Kerusakan lingkungan di Raja Ampat bukan hanya soal teknis, baik berupa izin operasional maupun lokasi yang terdampak oleh aktifitas penambangan ini, akan tetapi ini adalah cerminan dari sistem kapitalisik yang rakus, yang dengan sengaja menyerahkan sumber daya alam ketangan korporasi demi keuntungan segelintir elite. Selain itu eksploitasi sumber daya alam (SDA) yang merusak ini merupakan bukti nyata kegagalan sistem kapitalisme dalam mengelola kekayaan alam demi kemaslahatan rakyat. Tambang nikel sejatinya adalah milik umat, bukan komoditas yang bisa diperdagangkan secara bebas oleh swasta maupun asing. Dominasi origarki dalam politik Indonesia saat ini yang menjadi perhalang utama dalam mewujudkan keadilan ekonomi dan kelestarian lingkungan. Sistem demokerasi sekuler yang ada saat ini justru membuka jalan lebar bagi kepentingan oligarki untuk merampas hak-hak rakyat, Negara tidak lagi menjadi pelindung tetapi berubah menjadi pelayan korporasi.
Penyerahan kekayaan alam strategis Raja Ampat kepada korporasi merupakan bentuk penghianatan terhadap amanah kekuasaan. Apalagi wilayah dengan kekayaan ekologi luar biasa. Penambangan nikel menjadi ancaman bagi keanekaragaman hayati yang dilindungi, bahkan oleh dunia internasional.

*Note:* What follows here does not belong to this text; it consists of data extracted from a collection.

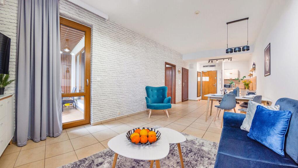 • Haustiere sind in der ausgewählten Wohnung erlaubt. Die Kosten für den Aufenthalt mit einem Haustier betragen 40 PLN pro Tag.
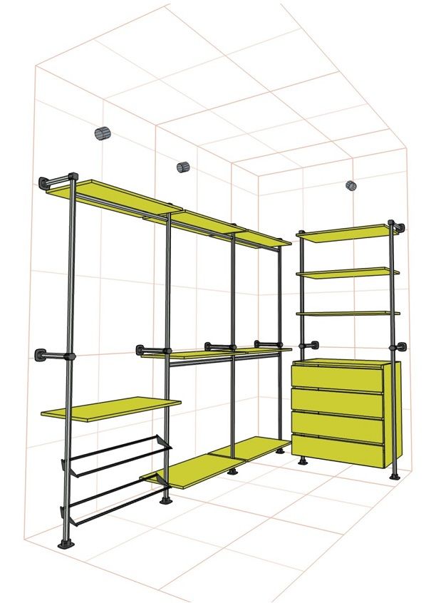 По задней стене гардеробной расположен пролет с ящиками и полками.
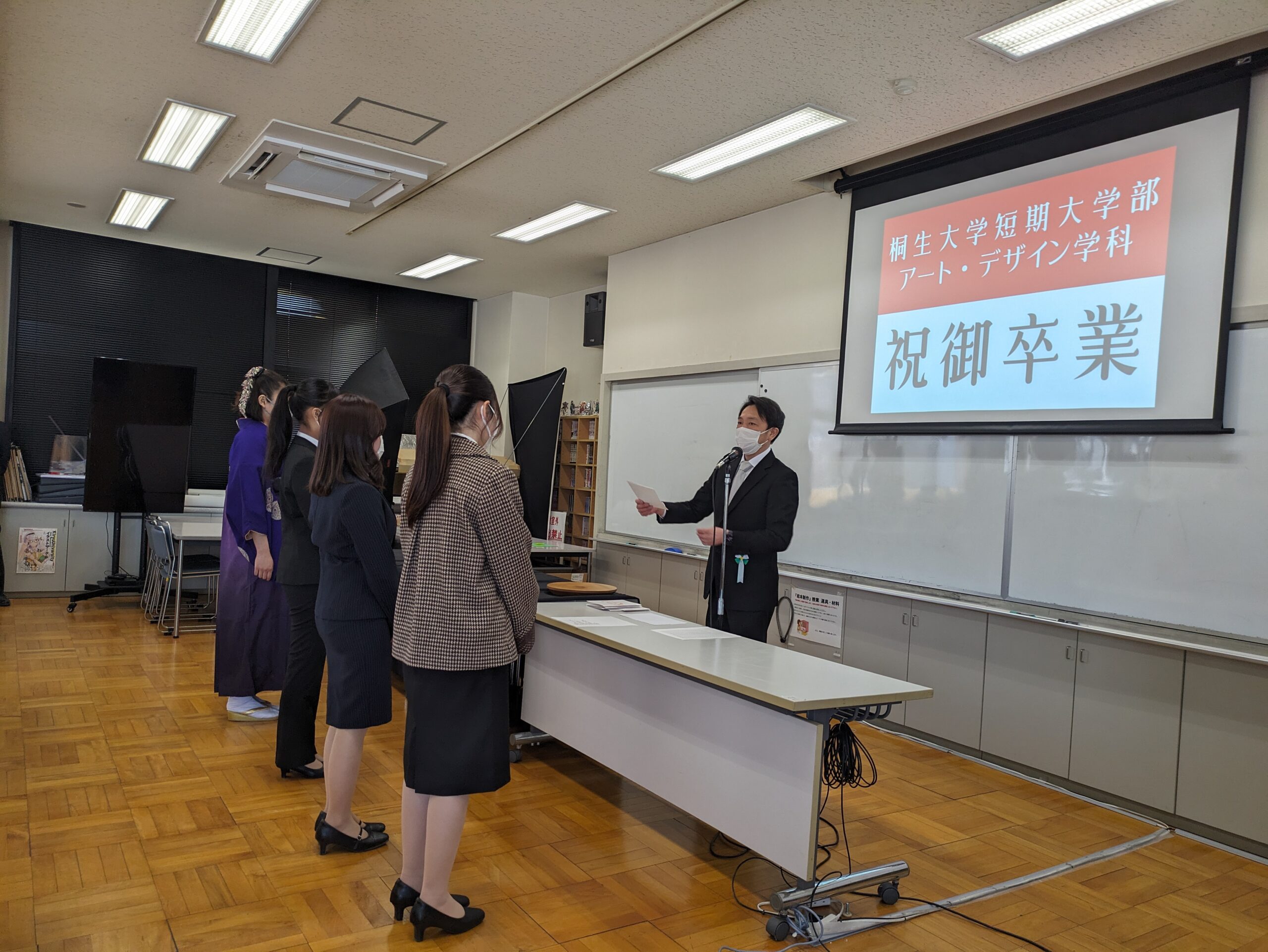快晴無風の中、学位授与式が執り行われ、無事2年生全員が卒業となりました...
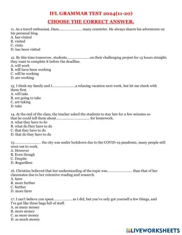 IFL GRAMMAR TEST 2024(11-20)
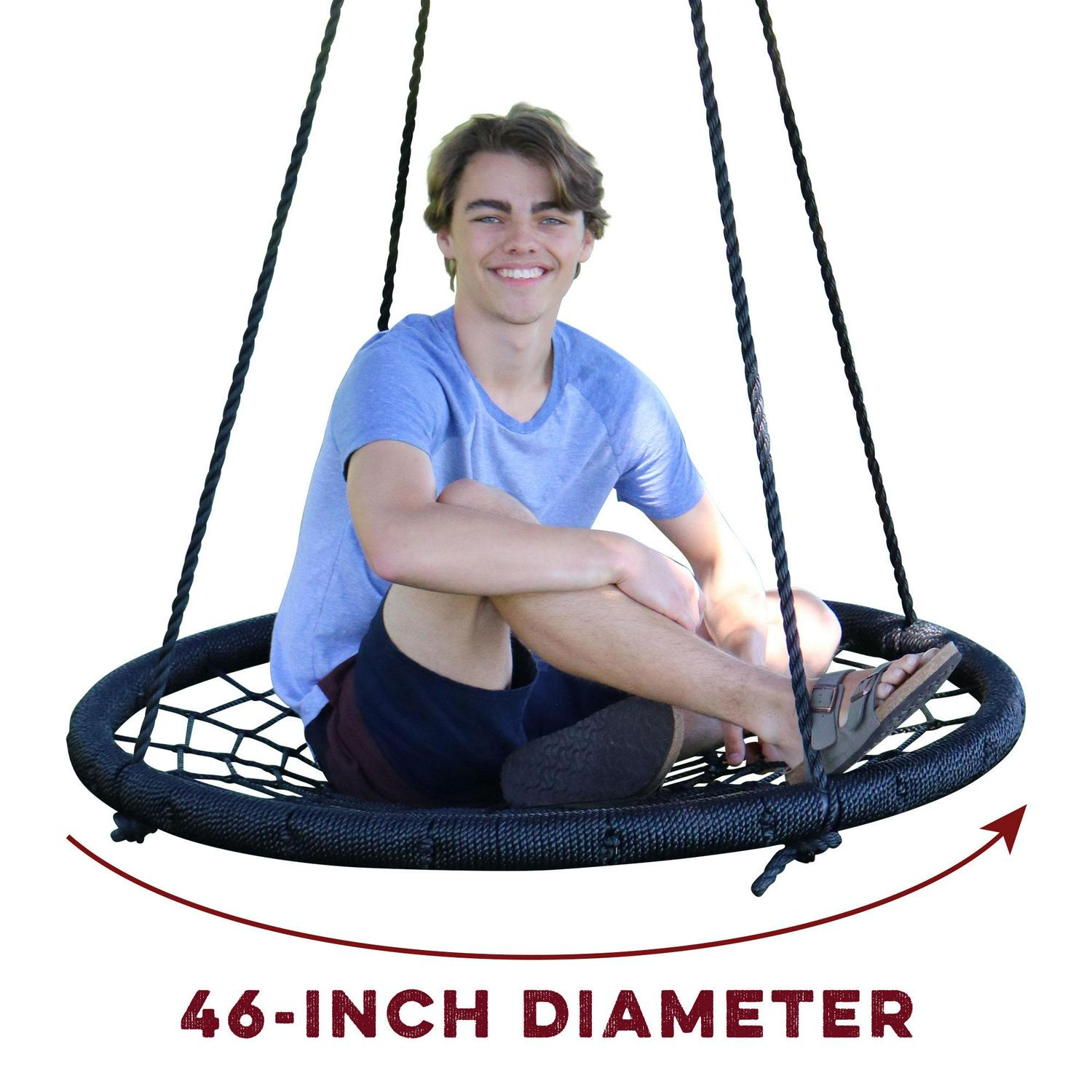 The Web Riderz 46 Web Swing will quickly become the favorite play yard hang out. Kids and those that are kids at heart can enjoy countless hours of outdoor fun soaring, swinging and spinning on our giant 46 web rope swing. You can count on this swing delivering long lasting value for seasons of imaginative play and relaxation on its secure taut woven platform with UV-resistant polyethylene rope construction and Rhinoarmour superior corrosion protected steel tube frame. Hang from two points for a traditional back-and-forth swing experience or from a single point to spin merry-go-round style.

Dalam islam, sumber daya alam yang bersifat strategis dan dalam jumlah yang banyak seperti tambang termasuk kedalam kategori milkiyah ‘ammah (kepemilikan umum). Syariat islam memosisikan dan mengatur kekayaan alam yang menjadi kebutuhan vital rakyat harus dikelola Negara untuk kepentingan seluruh umat, bukan diswastakan apalagi dikontrol oligarki. Pengelolaan sumber daya alam seperti tambang, laut, dan hutan yang hasilnya berlimpah bukanlah kepemilikan Negara atau individu, malainkan amanah umat yang harus dikelola dengan adil dan bertanggung jawab. Negara hanya bertindak sebagai pengelola (ra’in), bukan pemilik. Aktifitas pertambangan dikawasan ekosistem yang rentan sangat potensial menimbulkan kerusakan lingkungan atau segala bentuk kerusakan bumi yang merupakan ciptaan Allah dipandang sebagai tindakan kedzaliman. Islam juga memiliki konsep “hima’ yang akan melindungi lingkungan dari kerusakan akibat adanya eksplorasi. Pemimpin dalam islam menjalankan aturan sesuai dengan hukum syariat, dan hukum syariat hanya akan dapat dijalankan dibawah naungan daulah khilafah.